● Recorded information

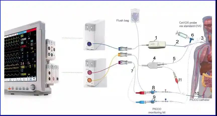 PICCO(PulseIndexContinuousCardiacOutput),可以测定动脉压、心率、每搏输出量等。脉搏指示连续心排血量监测,可反映心脏的状态(前负荷、后负荷等);可以计算测量胸内血容量和ELWI(血管外肺水),可评估肺水肿的情况;能反映体循环中小动脉病变等情况;能反映心肌收缩力等,为重症心衰患者提供量化的观察指标。
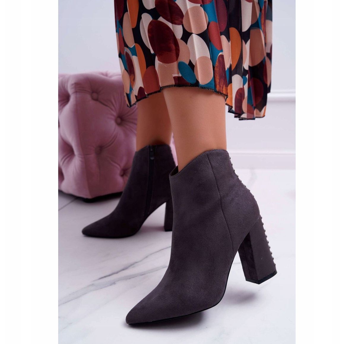Otkrijte naš jedinstveni prijedlog - PS1 ženske gležnjače na visoku petu sa šiljastim zakovicama u prekrasnoj nijansi sive. Ove elegantne cipele savršena su kombinacija praktičnosti i elegancije koja će dodati šarm svakom stilu.
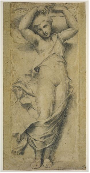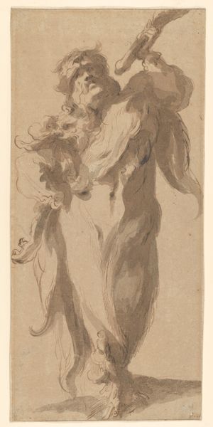 This drawing depicts Saint Margaret of Cortona, her form rendered in delicate ink washes, and radiates with divine light. Her crossed hands, pressed against her breast, signal repentance, a gesture echoing across centuries. This posture harkens back to ancient votive figures, where supplicants offer themselves to the divine. We see it mirrored in countless images of saints and grieving Madonnas. The halo, a symbol of enlightenment, traces back to pagan sun deities, repurposed here to signify spiritual transcendence. Even the presence of the dog at her feet is a fascinating motif; a symbol of loyalty, it also hints at her past life as a sinner. This act of contrition has a psychological weight, engaging viewers on a subconscious level. The motif of hands crossed over the chest is a visual echo chamber, revealing the enduring power of symbols across time.
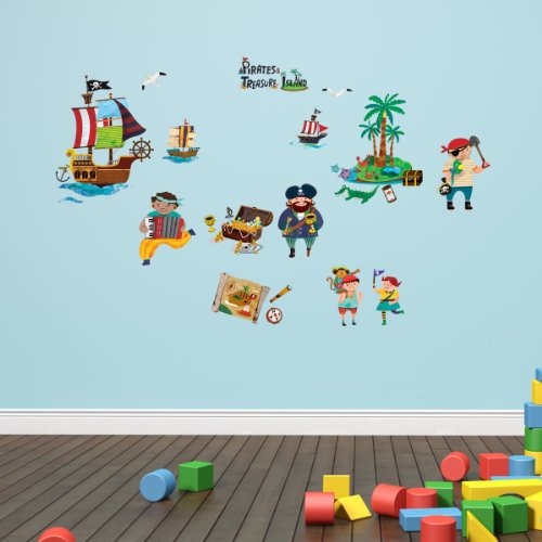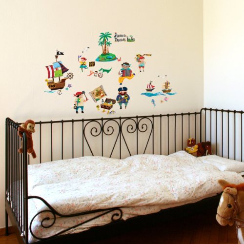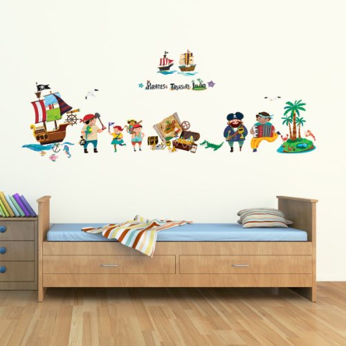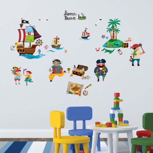 -. Title : Decowall DW-1310 Pirates & Treasure Island Peel and Stick Nursery Kids Wall Decals Stickers
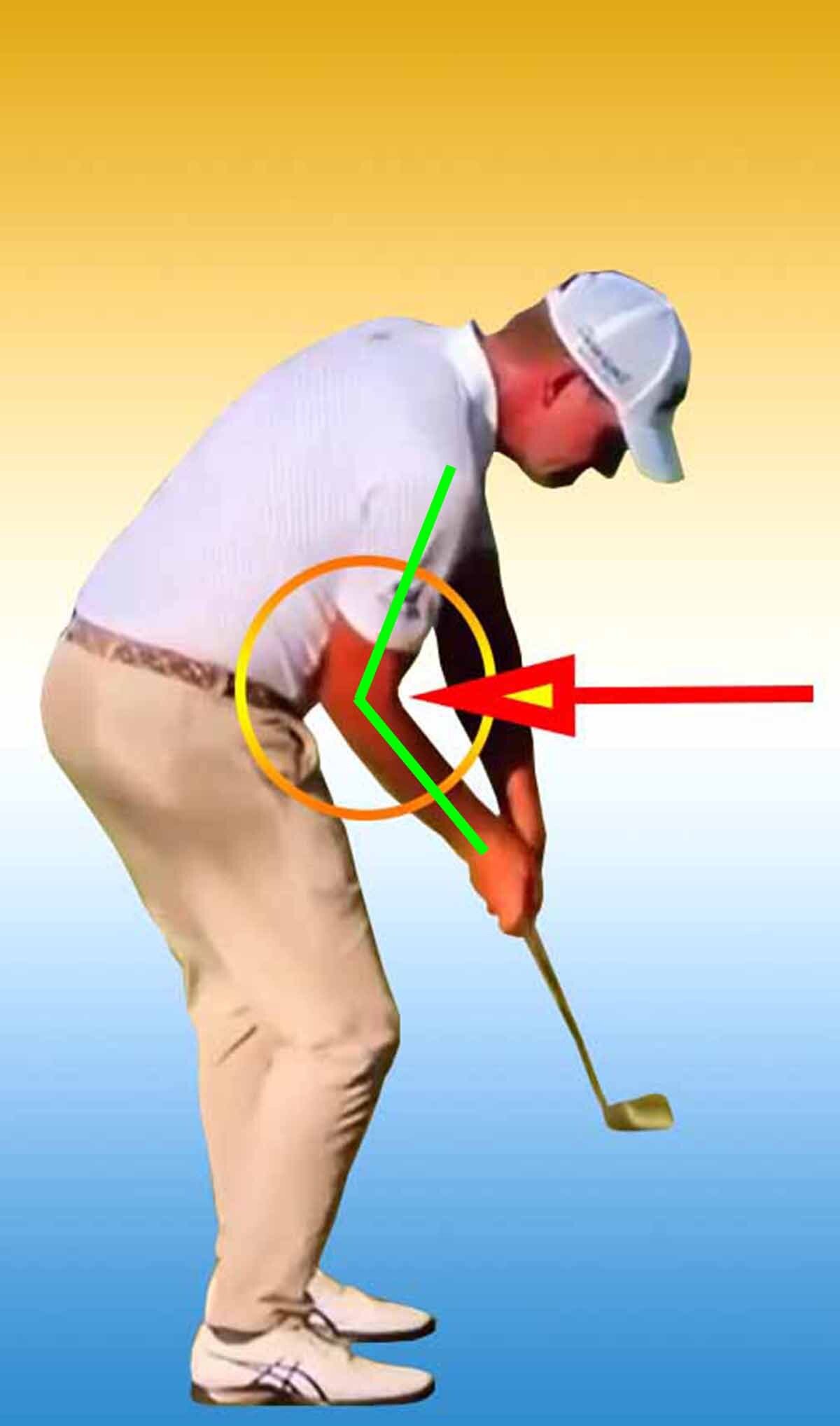프로들 중에서도 엘보우가 몸 안쪽으로 더 많이 들어와서 임팩트 순간 FORWARD PRESS 를 더 많이

● Exercise directions
Can you quote exactly, and only, the lines from the one containing "This drawing depicts" through the last line of the records above, keeping both ends and leaving out any pictures?

● Answer for this exercise
 This drawing depicts Saint Margaret of Cortona, her form rendered in delicate ink washes, and radiates with divine light. Her crossed hands, pressed against her breast, signal repentance, a gesture echoing across centuries. This posture harkens back to ancient votive figures, where supplicants offer themselves to the divine. We see it mirrored in countless images of saints and grieving Madonnas. The halo, a symbol of enlightenment, traces back to pagan sun deities, repurposed here to signify spiritual transcendence. Even the presence of the dog at her feet is a fascinating motif; a symbol of loyalty, it also hints at her past life as a sinner. This act of contrition has a psychological weight, engaging viewers on a subconscious level. The motif of hands crossed over the chest is a visual echo chamber, revealing the enduring power of symbols across time.
 -. Title : Decowall DW-1310 Pirates & Treasure Island Peel and Stick Nursery Kids Wall Decals Stickers
프로들 중에서도 엘보우가 몸 안쪽으로 더 많이 들어와서 임팩트 순간 FORWARD PRESS 를 더 많이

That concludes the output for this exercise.